TV

Suranne Jones Stars as Sapphic Lead in Thriller Vigil

Suranne Jones stole hearts with her performance as Anne Lister in lesbian period drama Gentleman Jack. And now she’s playing another Sapphic lead in a new BBC drama. Her character, Detective Chief Inspector Amy Silva, is the police officer charged with solving the murder of a sailor on HMS Vigil. Vigil is the submarine carrying Trident missiles – Britain’s nuclear deterrent. And Amy must board to find the killer, before they strike again.

Vigil’s crew is reluctant to help. The suspicions awakened by Amy’s investigation undermine the crew’s relationships. With explosive tempers trapped in a confined space, Vigil is packed full of dramatic tension. The submarine makes a very compelling setting for this whodunnit.

And the investigation is not straightforward. As Amy uncovers a conspiracy, she must untangle layers of deception maintained not only by a crew of more than a hundred people, but the highest ranks of the British Navy. Being underwater awakens memories of the tragic accident in which her fiancé died, after which Amy lost custody of the daughter they raised together.

As her stay aboard Vigil is extended, Amy’s antidepressants run out – and the killer grows steadily more desperate. The only person Amy can trust is her girlfriend, DS Kirsten Longacre (Rose Leslie), who is investigating the naval base on shore.

The relationship between Amy and Kirsten is a real highlight of the show. Silva’s past is revealed in flashbacks, including the early days of her romance with Kirsten. What begins as a mentorship shifts into friendship, and deepens into something more.Suranne Jones playing a Sapphic again

Softly lit shots of them slow dancing in Amy’s living room, or reading in bed together, offer moments of tenderness that counterbalance the drama’s otherwise relentless tension. They also make Amy a well-rounded protagonist; more interesting to follow than the stereotypical workaholic detective with no personal life.

Until her first kiss with Kirsten, Amy had never considered the possibility of a same-sex relationship. “I’m not…”, she says, into women. But the connection is strong. And soon afterwards Amy admits to liking Kirsten.

As Carren Strock‘s research shows, thousands of women come out as lesbian and bisexual in middle and old age, after long-term relationships with men. This path to les/bi life is one taken by many – though you wouldn’t know it from how coming out stories are depicted in film and television, with disproportionate focus on young people. So it’s encouraging to see a middle-aged character embracing her bisexuality on screen, doing so with minimal angst and much joy.

Jones herself is delighted with the Sapphic storyline. “What’s beautiful is we have the complexity of a woman who has fallen for another human being and now has to realign who and what she thought she was,” says Jones. “I guess she’s also struggling with what others will think of that new relationship.”

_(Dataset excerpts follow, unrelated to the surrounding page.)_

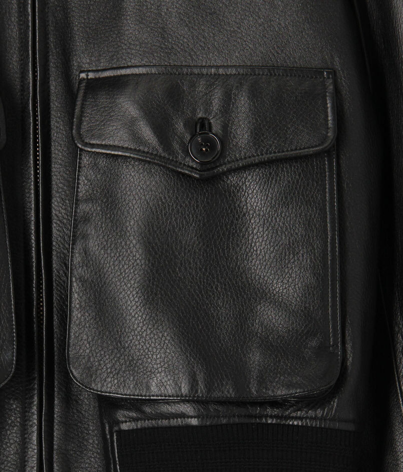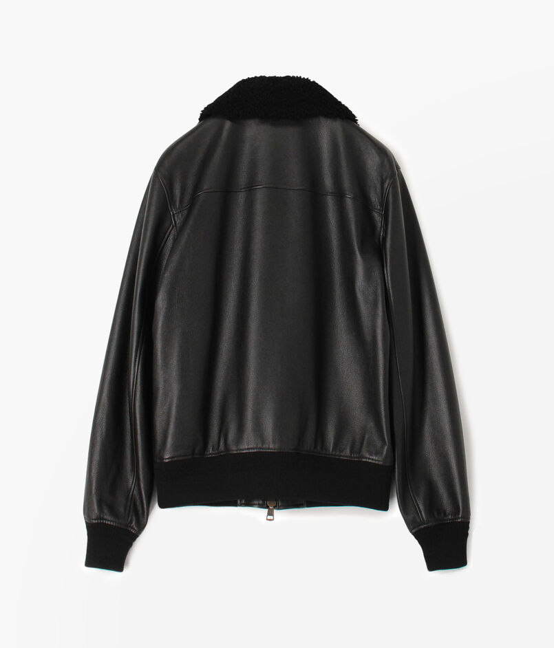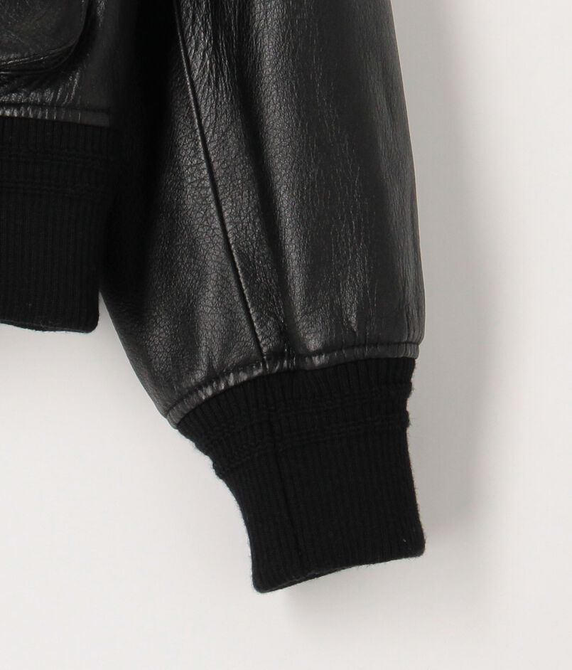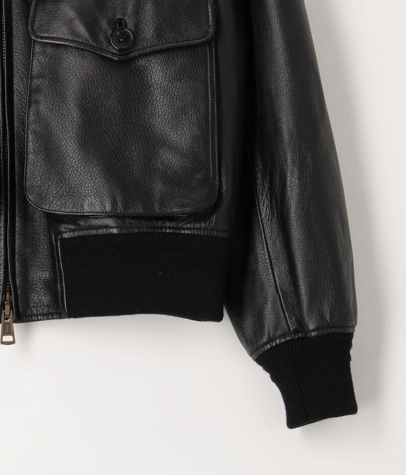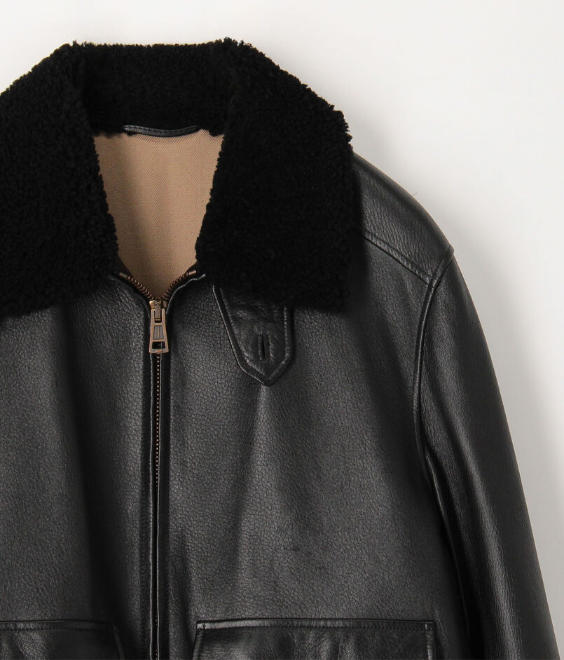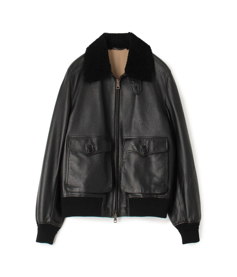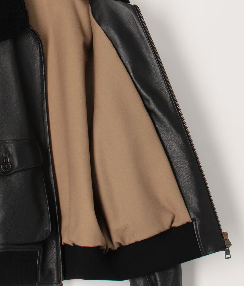 伊〈DENIM(デニム)〉社製のラムナッパに型押し加工したレザーを使用したG1タイプのボンバージャケット。
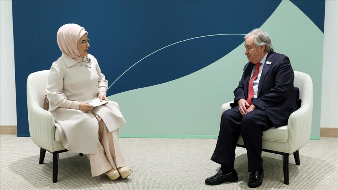 Cumhurbaşkanı Recep Tayyip Erdoğan'ın eşi Emine Erdoğan, sosyal medya hesabından yaptığı paylaşımda, Guterres ile COP29 vesilesiyle Bakü'de görüştüklerini belirtti.
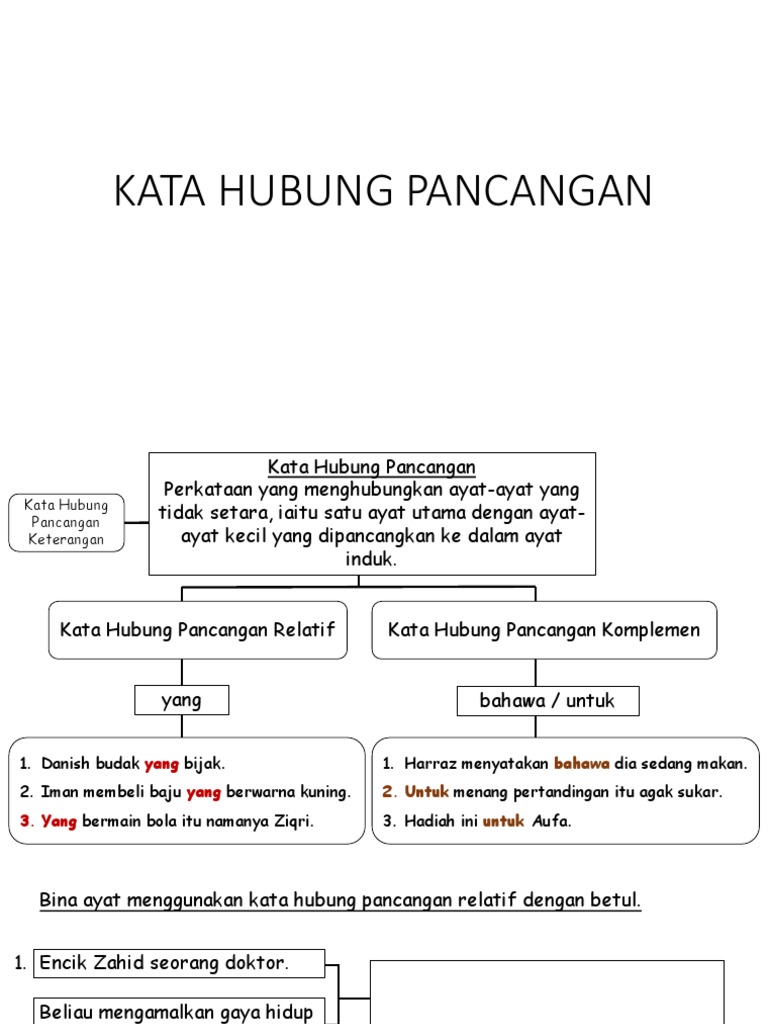 Kata Hubung Pancangan Relatif - Yuk simak selengkapnya di artikel ini!. Kata hubung terbahagi kepada tiga iaitu: Kakak memujuk adik yang sedang menangis itu. Kata jenis ini hanyalah yang. Kata hubung pancangan menyambungkan satu ayat induk dengan satu atau lebih ayat kecil. Banyak individu mempunyai kecerdasan emosi.
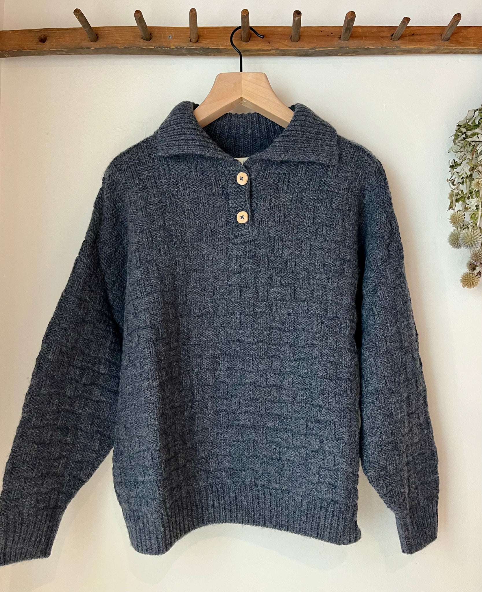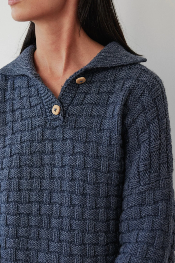 Oversized popover sweater with a rib collar and 2 wood buttons. A lattice stitch gives an overall texture to this mid weight sweater. The Denim color is overdyed with a wool dye so the cotton fibers remain white, creating a heathered effect.
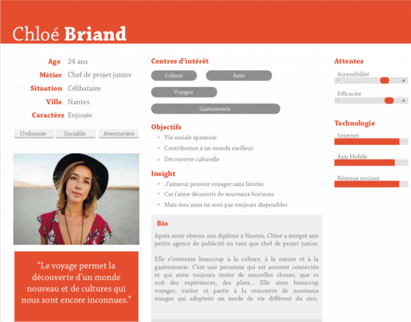 Dans la création du persona, vous devez imaginer une situation géographique, préciser son âge, son niveau d’études, son métier ou encore sa situation familiale. Le tout est de choisir des éléments plausibles, dans lesquels la cible peut facilement se retrouver.
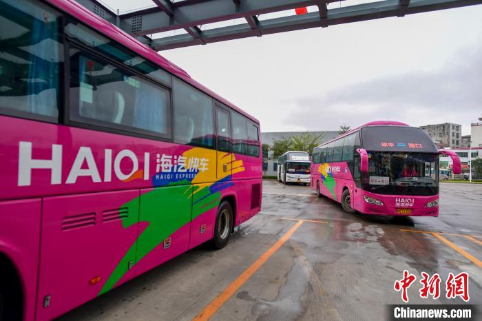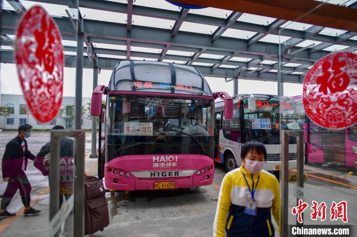 图为一辆长途大巴车离开海口长途客运总站。 骆云飞 摄
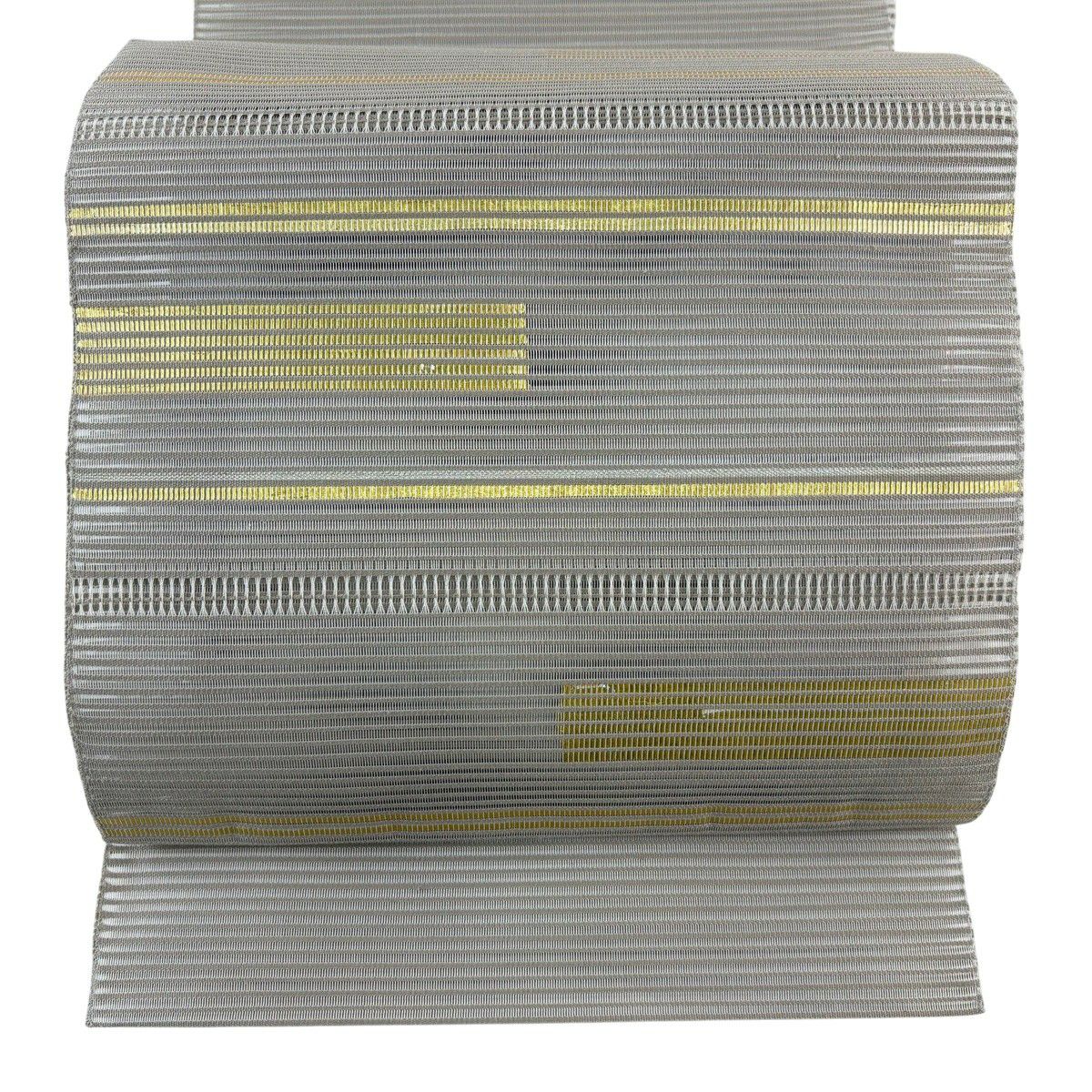 名古屋帯 秀品 夏帯 絽 八寸名古屋帯 松葉仕立て 縞 箔 灰茶 正絹
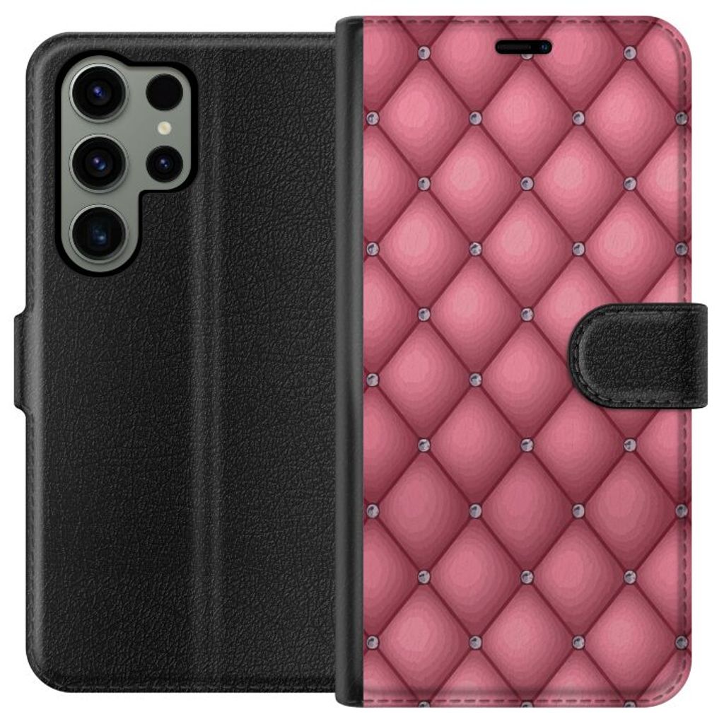 Samsung Galaxy S23 Ultra Sort Lommebokdeksel Exklusivt Rosa Mönster
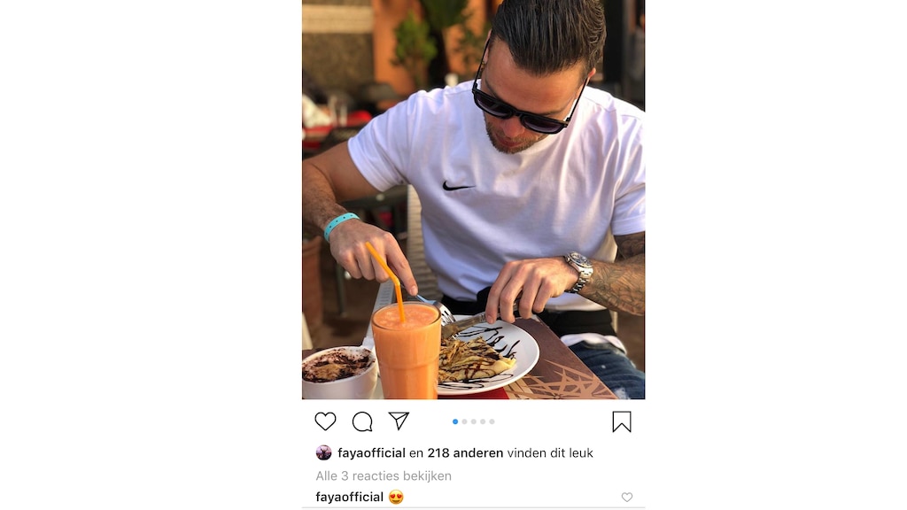 Fajah is te zien op de Instagramstory van Daan van Dijk, zoals op de linkerafbeelding is te zien. De twee zitten dicht tegen elkaar aangekropen op een bankje. Hoewel ze vrijwel onherkenbaar in beeld komt, is het toch echt Fajah. Op haar eigen Instagram plaatst ze namelijk een foto waarop ze dezelfde bikini draagt.
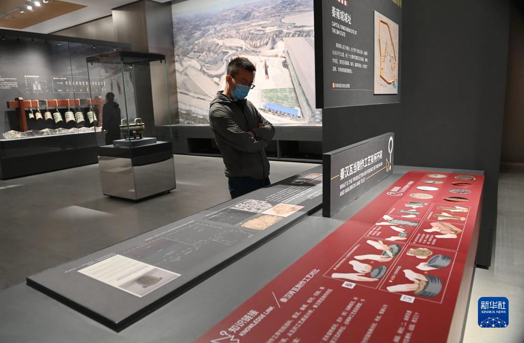 4月28日,游客在陜西考古博物館內參觀。新華社記者 李一博 攝
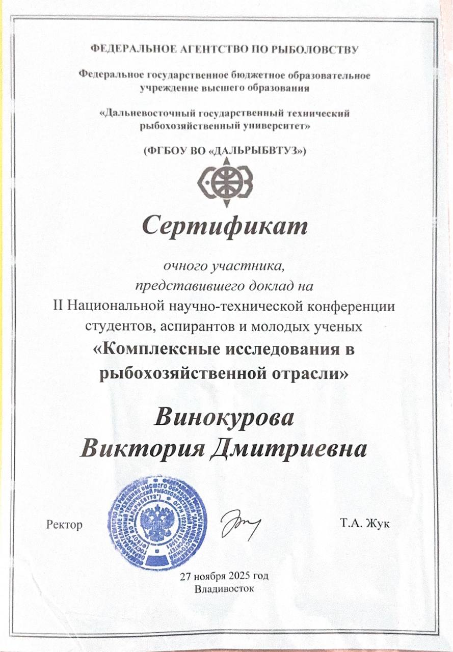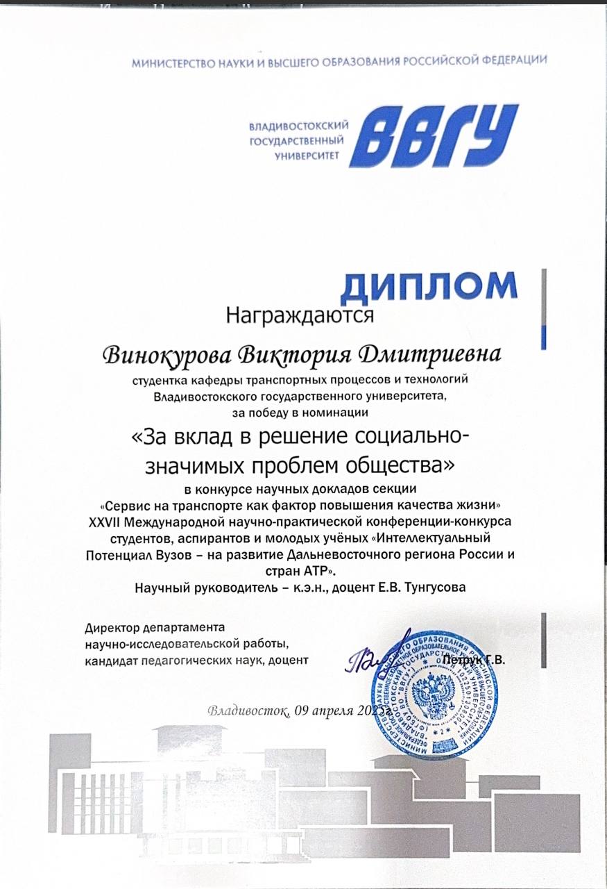 Интеллектуальный потенциал вузов – на развитие Дальневосточного региона России и стран АТР Внутривузовский 09.04.2025 Участник Диплом
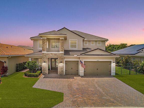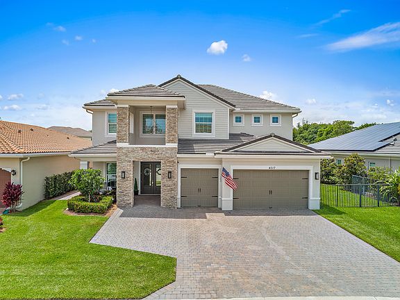 HIDDEN GEM! Sitting on a Gorgeous Lake Lot Offering Serene Water Views Is This Absolutely Stunning & Elegant Former Builder's Model CBS Home Built In 2016; Located In The Exclusive Gated Lake Worth Community: Cypress Royale. This Beautiful Home is 4320 Living Sq Ft; And It Offers 5 Bedrooms Plus A Den, 6 Full Bathrooms & A Spacious 3 Car Garage. Step Inside The Double Glass Entry Door To Find Tall Volume Ceilings With Ample Natural Light, A Wonderful Custom Wood Staircase, To The Left Of The Entrance Foyer Is The Bright Living Room, To The Right Is A Hallway Leading To The Convenient Mud Room & Spacious 3 Car Garage. Past The Custom Staircase You Will Find The Well Appointed Dining Room That Is Generously Sized & The Perfect Space For Family Gatherings. The Den Is Found Behind Barn Doors Near The Dining Room, It Offers A Walk Through Entrance Into A Tucked Away Bonus 2nd Laundry Room With Cabinetry. The Open Concept Kitchen Includes: A Large Kitchen Island With Quartz Waterfall Counter Tops, 42" Raised White Wood Cabinetry With Upper Cabinets, Upgraded SS Appliances, Including A Wonderful Induction Cooktop, Double Door French Refrigerator, Built In Wall Oven & Microwave, Large Custom Organized Walk In Pantry Across A Convenient Wet Bar That Includes A Wine Fridge, Sink & Custom Cabinetry - A Great Spot To Grab A Drink & Relax. The Family Room Includes A Custom Built In Fireplace. The Tall Glass Sliding Impact Doors; Open Up To The Double Screened Enclosed Patio Area That Exude Limestone Pavers, An Exquisite Summer Kitchen, Fully Screened In With Panoramic Views, A Custom Salt Water Heated Pool Recently Re-Finished, A Large Spa & A Cabana Bathroom. The Sunset & Sunrise Views Are Breathtaking Over The Lake & You Can Enjoy Them In The Privacy Of Your Beautifully Landscape Backyard. On The 1st Floor Is A Spacious Bedroom Perfect for Guests That Includes An Ensuite Bathroom With A Walk In Closet. Travel Up The Stairs To Find A Large Loft Area With Built In Wall Cabinetry & 4 Bedrooms That Each Offer Walk In Closets. The Private Main Bedroom Offers A Wonderful Balcony Overlooking the Lake, The Perfect Spot to Catch Sunsets, A Large Walk In Closet With Closet Organizers & Island, & An Ensuite Bathroom That Has A Wide Walk Through Pebble Floor Shower with Double Shower Heads Including A Rain Head, Dual Sinks, His & Hers Vanities, Infinity Mirrors & A Freestanding Tub. You Can Find The Spacious Laundry Room On The 2nd Floor Offering Ample Storage Cabinetry As Well As Upgraded Top Load Washer & Dryer. More Features That This Home Offers Include: LED Recessed Lighting, Crown Molding, Main Bedroom Framed Mirrors, Custom Motorized High Window Shades, California Style Custom Closets Throughout, Custom Fixtures & Fans, High Ceilings, Impact Glass Throughout, Custom Curtains, Built in Speakers, Electric Lanai/Patio Screen Feature, High End Epoxy Garage Floors, Extended Paver Driveway For Extra Parking Space, Added Paver Walk Way To The Pool Area, A Built In Security System, The Backyard Includes A Lime & Olive Tree. Cypress Royale is a Private Gated Community Made Up of Only 74 Homes, With a Low HOA!

Jones committed fully to the part of Amy Silva, studying women’s experiences of coming out in their middle years. “I did some research and spoke to a lot of women, and it can be a really tricky time for someone who has previously been straight to adapt to those new feelings and to understand them.”

Some may be surprised that Vigil offers such a nuanced depiction of a lesbian relationship; after all, the thriller’s creator and lead writer is male. But Tom Edge is no stranger to LGBT representation on screen. A writer for the biopic Judy, he created one of the film’s most poignant scenes, in which a lonely Garland has dinner with two gay men who find solace in her music. This meeting takes place a mere two years after gay sex is decriminalised in Britain, and gives context to the lives of Garland’s gay fanbase. Edge brings this same empathy to Vigil.

What makes les/bi representation in Vigil so meaningful is that neither Amy nor Kirsten is defined by her sexuality. They are both shown to be smart, brave, and resourceful as the case unfolds – and solving the crime is their main goal. To Jones, this is a definite step in the right direction.

“What the team have tried to do is really modern, because we’ve got a real old-fashioned boysy thriller in that it’s set on a submarine and it’s a police investigation,” she says. “And they’ve put two female leads at the heart of it, which I think is brilliant and modern and refreshing.”

“There’s also a love story between these two leads that we’re uncovering at the same time, but it doesn’t clash in any way with the thriller elements of the plot.”

 

Vigil is now showing on BBC One, and available to stream on BBC iPlayer.